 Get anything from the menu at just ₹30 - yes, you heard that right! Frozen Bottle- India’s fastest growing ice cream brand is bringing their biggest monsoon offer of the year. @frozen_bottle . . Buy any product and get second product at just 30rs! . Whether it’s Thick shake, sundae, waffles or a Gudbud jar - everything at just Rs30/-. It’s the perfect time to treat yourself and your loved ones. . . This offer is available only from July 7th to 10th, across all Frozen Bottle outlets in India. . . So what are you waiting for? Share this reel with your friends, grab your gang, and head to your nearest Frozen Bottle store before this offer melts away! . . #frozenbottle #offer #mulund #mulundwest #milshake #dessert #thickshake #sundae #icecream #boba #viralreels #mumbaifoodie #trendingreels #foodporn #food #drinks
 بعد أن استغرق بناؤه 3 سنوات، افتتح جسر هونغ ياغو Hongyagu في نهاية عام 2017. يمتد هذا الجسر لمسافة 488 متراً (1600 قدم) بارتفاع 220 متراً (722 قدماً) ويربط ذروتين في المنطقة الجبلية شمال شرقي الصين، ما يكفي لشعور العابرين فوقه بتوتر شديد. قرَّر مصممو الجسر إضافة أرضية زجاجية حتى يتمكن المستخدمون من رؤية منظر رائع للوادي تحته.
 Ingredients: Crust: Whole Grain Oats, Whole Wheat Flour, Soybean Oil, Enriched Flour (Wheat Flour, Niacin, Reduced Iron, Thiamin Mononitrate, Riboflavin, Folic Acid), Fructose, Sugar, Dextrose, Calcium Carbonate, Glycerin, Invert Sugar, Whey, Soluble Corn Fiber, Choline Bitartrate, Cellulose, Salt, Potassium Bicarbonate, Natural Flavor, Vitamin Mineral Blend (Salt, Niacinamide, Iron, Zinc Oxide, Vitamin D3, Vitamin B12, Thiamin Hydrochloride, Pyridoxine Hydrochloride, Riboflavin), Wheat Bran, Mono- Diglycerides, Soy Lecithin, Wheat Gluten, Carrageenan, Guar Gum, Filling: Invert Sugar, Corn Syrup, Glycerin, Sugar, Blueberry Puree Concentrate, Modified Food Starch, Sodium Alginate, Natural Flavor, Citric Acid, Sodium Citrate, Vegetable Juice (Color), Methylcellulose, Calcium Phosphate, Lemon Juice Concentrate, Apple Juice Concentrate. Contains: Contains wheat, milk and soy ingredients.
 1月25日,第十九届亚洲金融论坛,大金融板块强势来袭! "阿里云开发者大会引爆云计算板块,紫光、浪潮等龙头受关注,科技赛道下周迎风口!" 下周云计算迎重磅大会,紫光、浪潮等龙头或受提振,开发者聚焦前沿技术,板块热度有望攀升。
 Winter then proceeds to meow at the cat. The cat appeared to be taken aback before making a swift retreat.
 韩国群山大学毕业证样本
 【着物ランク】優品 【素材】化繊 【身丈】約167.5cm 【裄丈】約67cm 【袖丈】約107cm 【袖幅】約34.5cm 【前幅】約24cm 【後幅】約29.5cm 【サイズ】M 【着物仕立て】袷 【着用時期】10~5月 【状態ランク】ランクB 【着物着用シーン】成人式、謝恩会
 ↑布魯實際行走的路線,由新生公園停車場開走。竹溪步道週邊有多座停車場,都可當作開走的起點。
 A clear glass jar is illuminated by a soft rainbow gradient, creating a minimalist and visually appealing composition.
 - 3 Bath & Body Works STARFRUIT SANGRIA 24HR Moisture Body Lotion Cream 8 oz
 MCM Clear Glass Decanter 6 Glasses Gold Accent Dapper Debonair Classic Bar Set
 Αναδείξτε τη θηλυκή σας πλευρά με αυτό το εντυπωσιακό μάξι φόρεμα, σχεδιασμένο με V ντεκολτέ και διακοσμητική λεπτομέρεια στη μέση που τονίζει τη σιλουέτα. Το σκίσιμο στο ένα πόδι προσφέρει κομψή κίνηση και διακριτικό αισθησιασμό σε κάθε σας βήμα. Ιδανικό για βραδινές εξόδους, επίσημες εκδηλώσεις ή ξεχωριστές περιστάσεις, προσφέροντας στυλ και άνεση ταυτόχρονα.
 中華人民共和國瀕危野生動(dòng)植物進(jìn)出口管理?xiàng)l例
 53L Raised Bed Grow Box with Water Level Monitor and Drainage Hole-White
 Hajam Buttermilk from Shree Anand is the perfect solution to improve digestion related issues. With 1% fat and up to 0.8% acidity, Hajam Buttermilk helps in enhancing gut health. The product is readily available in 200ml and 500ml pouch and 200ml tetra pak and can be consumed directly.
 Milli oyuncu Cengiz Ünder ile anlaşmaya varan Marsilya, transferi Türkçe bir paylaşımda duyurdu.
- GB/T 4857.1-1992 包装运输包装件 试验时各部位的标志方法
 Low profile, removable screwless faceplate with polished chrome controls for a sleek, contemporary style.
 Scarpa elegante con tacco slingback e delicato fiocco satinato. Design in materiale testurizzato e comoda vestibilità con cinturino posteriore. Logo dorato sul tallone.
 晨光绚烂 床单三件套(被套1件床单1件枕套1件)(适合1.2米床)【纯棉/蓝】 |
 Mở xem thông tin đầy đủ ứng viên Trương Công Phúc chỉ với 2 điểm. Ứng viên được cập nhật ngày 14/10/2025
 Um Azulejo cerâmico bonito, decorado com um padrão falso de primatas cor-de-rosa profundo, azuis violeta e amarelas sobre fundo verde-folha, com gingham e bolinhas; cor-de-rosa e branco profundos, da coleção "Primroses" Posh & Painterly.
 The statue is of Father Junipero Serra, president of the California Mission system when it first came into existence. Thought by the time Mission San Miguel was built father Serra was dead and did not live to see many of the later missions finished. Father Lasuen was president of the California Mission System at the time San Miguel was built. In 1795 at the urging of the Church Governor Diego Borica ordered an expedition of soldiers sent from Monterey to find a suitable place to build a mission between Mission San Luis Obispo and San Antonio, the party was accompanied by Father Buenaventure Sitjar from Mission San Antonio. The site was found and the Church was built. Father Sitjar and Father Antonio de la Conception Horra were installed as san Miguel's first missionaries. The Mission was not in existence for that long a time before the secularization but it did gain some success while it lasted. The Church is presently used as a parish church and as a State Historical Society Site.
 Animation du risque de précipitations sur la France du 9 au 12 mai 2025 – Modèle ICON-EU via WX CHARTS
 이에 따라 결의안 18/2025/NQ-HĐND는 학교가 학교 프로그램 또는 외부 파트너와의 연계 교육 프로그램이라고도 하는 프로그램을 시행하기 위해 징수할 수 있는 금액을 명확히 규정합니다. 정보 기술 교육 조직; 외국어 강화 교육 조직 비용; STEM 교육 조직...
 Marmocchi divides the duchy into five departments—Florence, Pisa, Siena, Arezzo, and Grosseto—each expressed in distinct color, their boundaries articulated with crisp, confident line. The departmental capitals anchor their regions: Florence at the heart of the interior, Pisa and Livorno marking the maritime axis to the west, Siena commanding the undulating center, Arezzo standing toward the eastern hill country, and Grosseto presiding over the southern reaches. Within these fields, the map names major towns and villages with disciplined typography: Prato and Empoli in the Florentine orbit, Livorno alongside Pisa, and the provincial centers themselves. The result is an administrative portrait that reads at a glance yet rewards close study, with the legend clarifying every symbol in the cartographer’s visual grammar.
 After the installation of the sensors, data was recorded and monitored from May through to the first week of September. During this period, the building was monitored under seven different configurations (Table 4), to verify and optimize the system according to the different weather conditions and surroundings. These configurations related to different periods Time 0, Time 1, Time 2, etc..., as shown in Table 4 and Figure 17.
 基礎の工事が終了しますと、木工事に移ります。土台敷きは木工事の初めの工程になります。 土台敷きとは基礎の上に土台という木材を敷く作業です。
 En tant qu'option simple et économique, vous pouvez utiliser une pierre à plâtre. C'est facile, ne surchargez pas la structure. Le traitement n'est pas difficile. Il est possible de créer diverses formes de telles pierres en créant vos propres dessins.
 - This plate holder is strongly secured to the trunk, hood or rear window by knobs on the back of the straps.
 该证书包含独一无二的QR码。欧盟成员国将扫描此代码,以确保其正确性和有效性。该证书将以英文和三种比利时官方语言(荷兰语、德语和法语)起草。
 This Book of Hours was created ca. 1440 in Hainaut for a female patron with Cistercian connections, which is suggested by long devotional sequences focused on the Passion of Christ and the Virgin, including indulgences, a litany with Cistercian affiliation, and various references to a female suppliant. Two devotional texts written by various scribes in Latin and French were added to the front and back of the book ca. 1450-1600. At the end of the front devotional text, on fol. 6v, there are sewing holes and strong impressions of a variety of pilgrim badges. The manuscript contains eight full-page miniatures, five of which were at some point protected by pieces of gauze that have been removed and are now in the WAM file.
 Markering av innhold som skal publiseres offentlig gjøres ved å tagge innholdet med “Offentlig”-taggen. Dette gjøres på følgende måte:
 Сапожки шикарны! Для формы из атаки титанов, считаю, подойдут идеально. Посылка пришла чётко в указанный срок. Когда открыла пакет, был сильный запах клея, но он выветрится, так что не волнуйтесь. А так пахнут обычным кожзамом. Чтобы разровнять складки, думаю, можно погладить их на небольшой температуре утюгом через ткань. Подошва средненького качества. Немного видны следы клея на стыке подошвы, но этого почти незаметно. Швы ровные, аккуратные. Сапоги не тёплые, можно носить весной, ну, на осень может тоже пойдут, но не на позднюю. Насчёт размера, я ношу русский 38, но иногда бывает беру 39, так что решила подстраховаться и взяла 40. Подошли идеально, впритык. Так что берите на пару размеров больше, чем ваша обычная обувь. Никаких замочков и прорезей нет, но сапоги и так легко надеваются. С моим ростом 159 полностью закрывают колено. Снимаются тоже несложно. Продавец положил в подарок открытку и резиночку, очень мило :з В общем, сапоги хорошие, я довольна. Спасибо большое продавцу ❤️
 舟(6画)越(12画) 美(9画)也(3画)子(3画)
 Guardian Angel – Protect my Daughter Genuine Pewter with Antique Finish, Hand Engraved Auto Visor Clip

· · · · ·

WHAT NEEDS TO BE DONE: In the listing above, find the line with "Hajam Buttermilk from" and the line with "Mở xem thông". Output those two lines and every line between them, exactly as written.

EXPECTED ANSWER:
 Hajam Buttermilk from Shree Anand is the perfect solution to improve digestion related issues. With 1% fat and up to 0.8% acidity, Hajam Buttermilk helps in enhancing gut health. The product is readily available in 200ml and 500ml pouch and 200ml tetra pak and can be consumed directly.
 Milli oyuncu Cengiz Ünder ile anlaşmaya varan Marsilya, transferi Türkçe bir paylaşımda duyurdu.
- GB/T 4857.1-1992 包装运输包装件 试验时各部位的标志方法
 Low profile, removable screwless faceplate with polished chrome controls for a sleek, contemporary style.
 Scarpa elegante con tacco slingback e delicato fiocco satinato. Design in materiale testurizzato e comoda vestibilità con cinturino posteriore. Logo dorato sul tallone.
 晨光绚烂 床单三件套(被套1件床单1件枕套1件)(适合1.2米床)【纯棉/蓝】 |
 Mở xem thông tin đầy đủ ứng viên Trương Công Phúc chỉ với 2 điểm. Ứng viên được cập nhật ngày 14/10/2025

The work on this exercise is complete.